I have two data frames.
Data Frame #1 (df1):
1 object_name time_epoch_ms source data
2 a 1538518822490 source_1 some_data
3 b 1538528822490 source_2 some_data
4 b 1538538822490 source_2 some_data
5 b 1538548822490 source_3 some_data
6 b 1538558822490 source_1 some_data
7 c 1538568822490 source_2 some_data
8 c 1538578822490 source_2 some_data
9 c 1538588822490 source_2 some_data
... etc etc
Data Frame #2(df2):
1 object_name time_epoch_ms new_data
2 a 1538518722490 x
3 b 1538528822490 y
4 b 1538518922490 z
5 b 1538519922490 a
6 b 1538598822490 b
7 c 1538548822490 c
8 c 1538538822490 c
9 c 1538528822490 d
... etc etc
Entries in these two tables give information about objects with object_names for different points in time.
I would like to combine these two tables such that Data Frame #2 is augmented with the source the object_name was using at a particular time specified in Data Frame #1.
Problem: Timestamps in the two tables do not exactly match. Some timestamps that exist in table 2 do not exist in table 1. However, they should roughly correspond to the hour. Some timestamps in Table 1 are missing, so the "last available data" is best.
Is there a way to execute the following steps using pandas' merge ability?
- Match data from dataframes such that df2 gets "source" data from df1 based on object_name and time_stamp such that time_stamp matches to the closest hour.
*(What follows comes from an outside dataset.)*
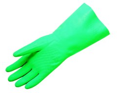 Get superior durability and chemical resistance with this tough nitrile glove. Double dipped nitrile compound, with no fillers, provides excellent resistance to chemical penetration, punctures, cuts, snags and abrasion. Unsupported flock lining ensures good flexibility, absorbs perspiration and allows easy on-and-off. Ergonomically designed with curved fingers and tapered wrist for a comfortable fit. Sizes 7 - 10. 13" Long. Unlined 11 Mil Flock Lined 15 Mil. Please specify size when ordering. Sold per dozen pair.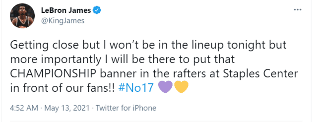 “已经接近(复出)了,但我不会出现在今晚的比赛阵容中。”詹姆斯写道,“但更重要的是我会抵达斯台普斯中心,在我们的球迷面前升起总冠军旗帜!第17个(总冠军)。”

- If data for a particular hour is in df2, but not df1, then source is retried from the last available hour of data, so it is "filled" based on whatever data exists for that object.
- If object in df2 is not in df1, then it gets a "null"
My approach:
I currently do .apply to get each row from df2 and find all the timestamps for that object in df1, if they exist. Then, I return the closest match or null.
I am wondering if there is a more elegant way to do this using pandas' merge or concat functionality, but I am having trouble understanding how to use them in this case and how to handle filling data in and matching based to the hour (without doing separate pre-processing to get an hour column in there).